Contatos: paulomarcaioli@gmail.com  

segunda-feira, 8 de julho de 2024

O Teatro Popular de Ariano Suassuna

 O Teatro Popular de Ariano Suassuna





SIMÃO PEDRO

Há um ócio criador;

Há outro ócio danado,

Há uma preguiça com asas,

Outra com chifres e rabo!

MIGUEL ARCANJO

Há uma preguiça de Deus,

E outra do Diabo!

MANUEL CARPINTEIRO

E então, a moral é essa,

Que mostremos à porfia!

SIMÃO PEDRO

Viva a preguiça de Deus

Que criou a harmonia,

Que criou o mundo e a vida,

Que criou tudo o que cria!

MANUEL CARPINTEIRO

Viva o ócio dos Poetas

Que tece a beleza e fia!

 

No próximo dia 23 de Julho vai completar dez anos da morte do romancista,  dramaturgo e artista plástico Ariano Vilar Suassuna (1927/2014). Morreu aos oitenta e sete anos de idade, pouco depois de concluir um romance ao qual havia se dedicado havia mais de vinte anos, chamado “O Romance de Dom Panteiro no Palco dos Pescadores”.  

Transitou pela literatura e pelas artes plásticas. Foi professor da Universidade do Recife (atual Universidade Federal de Pernambuco) onde lecionou diversas disciplinas ligadas à arte e cultura. Mas foi certamente no teatro, reproduzindo jogos de cena dos espetáculos populares nordestinos e temas da dramaturgia universal, que se tornou conhecido do público e consagrou-se como um dos principais artistas da história do teatro do Brasil.

A primeira peça teatral escrita por Ariano Suassuna foi uma tragédia chamada “Uma Mulher Vestida de Sol” (1947) redigida quando o autor tinha 20 anos e ainda era estudante de Direito da Faculdade de Recife.

Depois de formado, Suassuna retornou à cidade de Taperoá para cuidar de um problema no pulmão. Era uma pequena comarca situada no sertão da Paraíba onde passara a infância: lá retoma o contato com a cultura popular, o que iria marcar a sua produção literária subsequente.

Deixando de lado a tragédia, o escritor dedicar-se-ia às comédias que o deixaram famoso. E dentre elas a mais famosa sem sobra de dúvidas foi o “Auto da Compadecida” (1955).

As aventuras de João Grilo e Chicó são conhecidas e amadas pelo povo brasileiro, não só por conta das três versões cinematográficas produzidas no país, mas especialmente pela capacidade do escritor de muito bem captar aspectos da psicologia do brasileiro.

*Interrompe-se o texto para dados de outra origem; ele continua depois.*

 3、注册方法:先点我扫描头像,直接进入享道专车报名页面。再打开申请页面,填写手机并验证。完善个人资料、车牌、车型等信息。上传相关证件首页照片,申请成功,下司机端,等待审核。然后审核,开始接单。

O humor com que encaramos os problemas da vida. A esperteza e sagacidade que orientam a ação dos personagens quando confrontados com situações extremas. Um sentimento religioso mestiço, envolvendo santos da igreja católica que nos aparecem em sua forma mais íntima e humana, conversando como gente, inclusive apresentando um Jesus Cristo negro de pele. A não presença de heróis, mas de homens com as suas fragilidades e pecados, apenas compreensíveis e perdoáveis pela misericórdia divina.

Estas características seriam posteriormente sintetizadas pelo Movimento Armorial (1970) idealizado pelo escritor para propor realização de uma arte erudita brasileira a partir da cultura popular, ou mais especificamente a cultura nordestina, com a sua literatura de cordel, o seu teatro de mamelungos (aqueles conhecidos fantoches de pano que servem de atores e são conduzidos por varas e barbantes por pessoas que dão voz e movimento aos bonecos) e ilustrações de xilografia.

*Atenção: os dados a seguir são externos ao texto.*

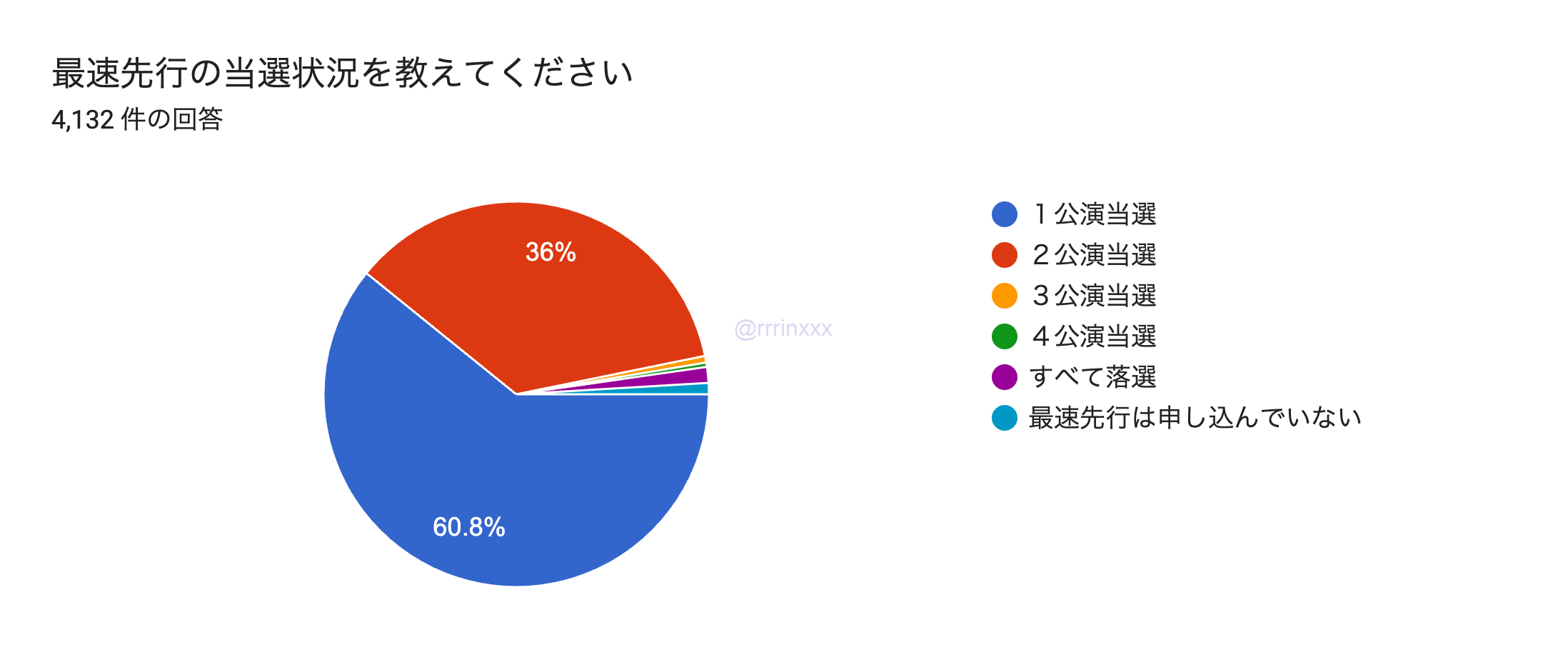 全体のうちでどのくらいの方がアンケートにお答えいただいているかがわからないので推測になりますが、最速先行としての各公演での当選枠は昨年よりもやや少ないと考えます。

Os folhetos populares de literatura nordestina já congregavam em si diferentes expressões artísticas. Deles constam a poesia, o teatro e as imagens de xilografia que ilustram as suas capas. Também agregam dentro de si a música, já que encerram espetáculos populares, encenados ao ar livre, com acompanhamento musical - o musical dos cantos e músicas que acompanham a leitura ou a recitação do texto.

Também estavam relacionados à história oral e às primeiras formas de sedimentação e divulgação dessas histórias do povo, contadas pela primeira vez na forma impressa em pequenos folhetos, expostos para venda pendurados em cordas, barbantes ou “cordéis”, atraindo o nome “Literatura de cordel”.

A Farsa da Boa Preguiça

Quando perguntado qual era a sua peça de teatro favorita, Suassuna respondia sem pestanejar: “A Farsa da Boa Preguiça”. Trata—se de uma comédia encenada pela primeira vez em 1961, no Recife, quando o escritor já havia se consagrado nacionalmente com o seu “Auto da Compadecida” (1955). Ambas as peças retomam o tema do trovadorismo português representado pelo “Auto da Barca do Inferno” (1517) de Gil Vicente.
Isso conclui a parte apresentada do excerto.